Tropic Sprockets by Ian Brockway

5/5 (1)

Actor Olivia Wilde directs and has a striking debut with “Booksmart” a film that is a laser-pointed tribute to Judd Apatow and John Hughes’ films in the tradition of “Ferris Bueller’s Day Off.”

The film follows two intellectual high school seniors Molly (Beanie Feldstein) and Amy (Kaitlyn Dever) as they face their final school day. Molly has a plan: she wants Amy to party with her before graduation and she will not take no for an answer.

Amy reluctantly consents. The inseparable friends go on a quixotic quest for the perfect party in the hopes of experiencing all of the taboo things that they both missed out on as exemplary students. What follows is a picaresque journey that never stops. Each character is as quirky and colorful as the preceding one.

Molly and Amy have known each other since they were kids and both Feldstein and Dever have a magnetic chemistry that borders on the poignant. One believes them wholeheartedly and the pairing is perfect.

Though the plot is most definitely in the style of “Superbad” or the aforementioned Ferris Bueller, the spirit and emotion is unique to Wilde who gives these rounded characters substance and the freedom to become unfailingly empathetic, without artifice.

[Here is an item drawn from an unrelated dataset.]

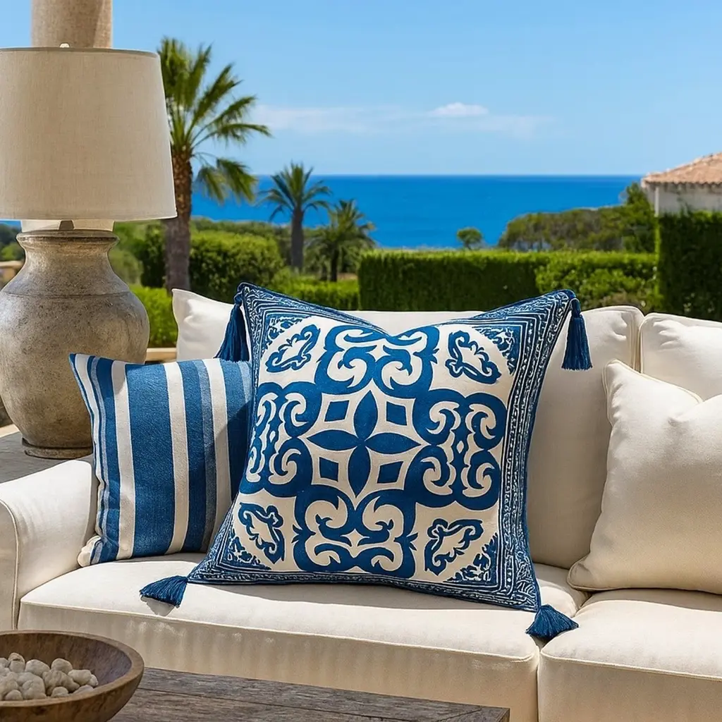 Inspired by the timeless beauty of Santorini, the Santorini SmallCushion Cover brings the essence of the Aegean into your home. Crafted in a 50cm x 50cm silhouette, its intricate blue and white tile motif evokes the island’s iconic rooftops and sunlit architecture.Finished with elegant corner tassels for a touch of refinement, this cushion captures both serenity and sophistication. Whether styled as a statement accent or layered among your home décor, it transports your space to the tranquil charm of the Mediterranean.

The scene depicting Molly and Amy talking alone about a cherished stuffed panda (frequently used for a secret purpose) is as funny as anything by Hughes or Apatow, only more so because it is understated, not played for heavy laughs. Many characters have the flavor of an 80s comedy from the overbearing and insecure Jared (Skyler Gisondo) to the obsequious and overly flattering Principal Brown (Jason Sudeikis). Such types will be familiar to any 80s movie fan, yet it is the heart and the quirk that sets this film somewhat apart, but also in good company with that nostalgic history. Add to the mix Will Forte and Lisa Kudrow as Molly’s eager to please yet overly hesitant parents and you have a hit.

Yes, there are the usual plot points here: frenzied car rides, eccentric teens and adults who don’t want to be labeled bores, but everything that happens unfolds with such natural ease that all events feel as they should, spontaneous heartfelt surprises that are seen for the first time.

Feldstein and Dever are flawless precisely because unlike figures in an Apatow comedy, not one thing about Molly or Amy is thrown for cheap chortles or overt ridicule. They are absolutely human.

Like all lasting comedy, the humor is organic, originating from within.

Above all, this vivacious and carbonated film is about friendship. Here are two young women without demeaning pratfalls, sophomoric gross-outs, imbecilic interludes or elementary silliness. The narrative is vivid, lasting and profoundly uncynical.

Wilde teases the expectation of the usual gross-out scenes throughout the film, yet by stripping such “bathroom humor” of its base nature, Director Wilde turns these moments into pathos and makes something new. Far richer and more thoughtful than “Bridesmaids” or “The Hangover” franchise, “Booksmart” is refreshingly simple, warm-hearted and wonderful.